• [Dataset section]
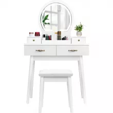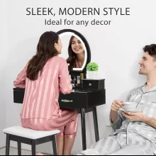 If you're someone who puts a high value on both fashion and keeping things tidy, this vanity set is gonna be right up your alley. It's the of investment that pays off in spades by making your life easier and more glamorous at the same time.One thing that stands out about this vanity set is how roomy the drawers are. We all know how easy it can be to makeup and beauty products, but with these spacious drawers, you'll have ample storage space for everything. You won't need to worry about clutter or not being able find what you need when you're trying get ready in a hurry.
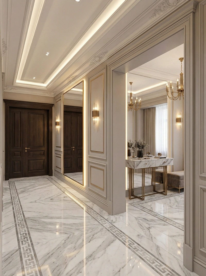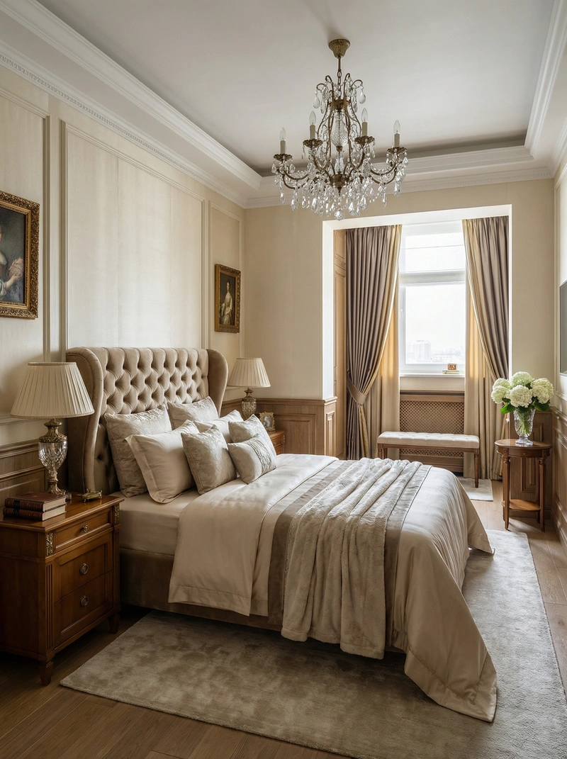Утончённый стиль с симметрией, лепниной и благородными материалами. Классический интерьер сочетает роскошь и сдержанность, создавая атмосферу вневременной элегантности.
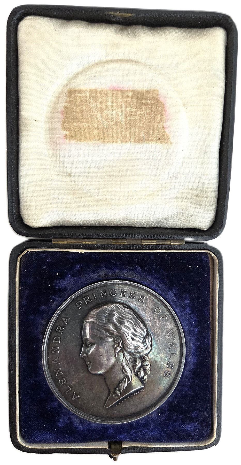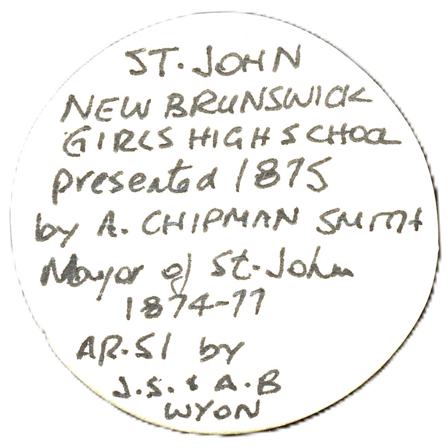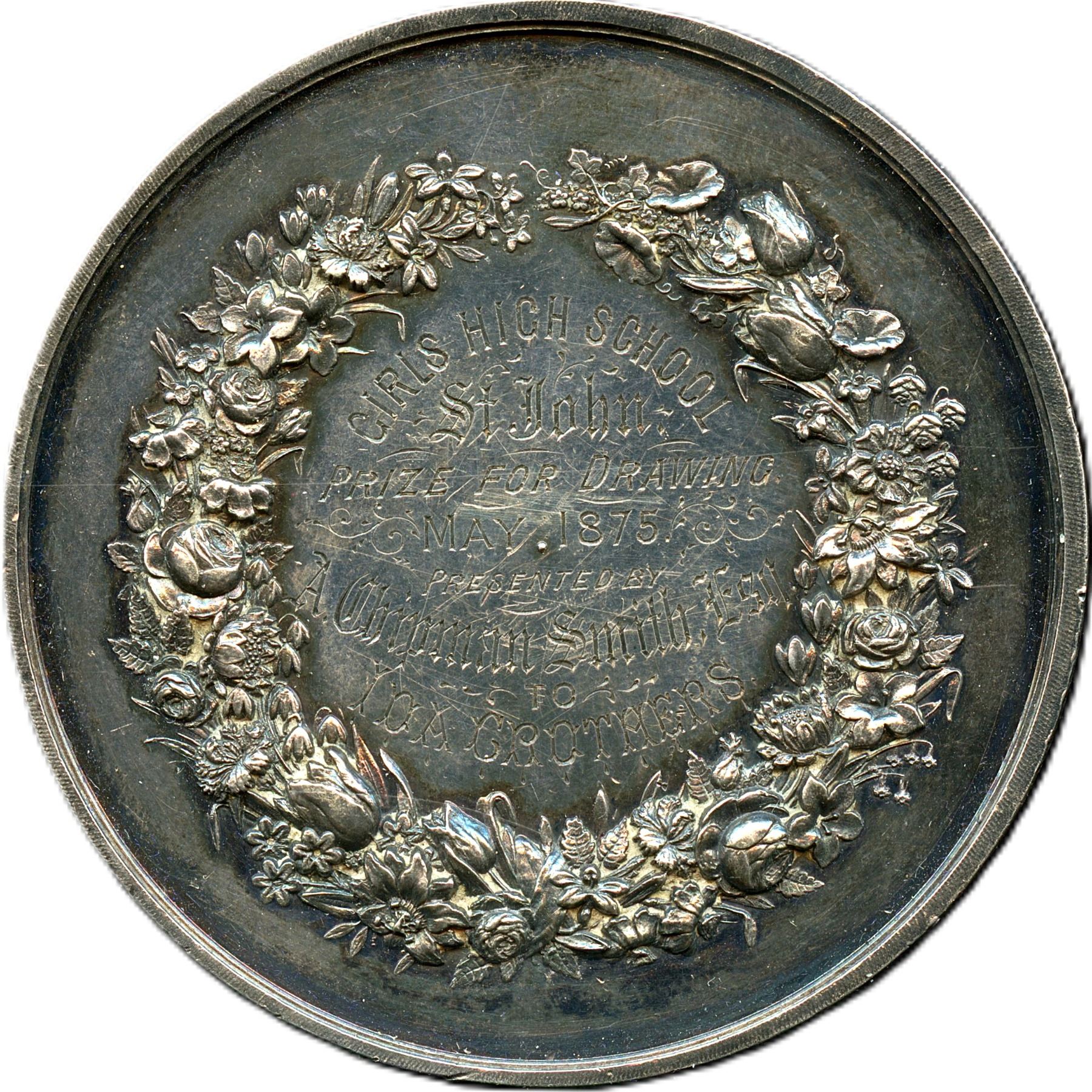 Rev: Girls High School St. John Prize For Drawing May 1875 Presented By A. Chipman Smith Esq. (Mayor of Saint John 1874-1877) To Ida Crothers (1858-1931), Signed J.S. & A.B. Wyon, 51mm, 59.1g, Housed in a black leather box with purple velvet interior. Original surfaces with violet patina over reflective fields with tick marks and minor rubbing on high points, EF. Scarce. 1pc. From the Geoffrey Bell Collection.

• [Task to carry out]
Print the data exactly, from its first line to the line containing "Утончённый стиль с", both included. Omit the pictures.

• [Finished exercise]
 If you're someone who puts a high value on both fashion and keeping things tidy, this vanity set is gonna be right up your alley. It's the of investment that pays off in spades by making your life easier and more glamorous at the same time.One thing that stands out about this vanity set is how roomy the drawers are. We all know how easy it can be to makeup and beauty products, but with these spacious drawers, you'll have ample storage space for everything. You won't need to worry about clutter or not being able find what you need when you're trying get ready in a hurry.
Утончённый стиль с симметрией, лепниной и благородными материалами. Классический интерьер сочетает роскошь и сдержанность, создавая атмосферу вневременной элегантности.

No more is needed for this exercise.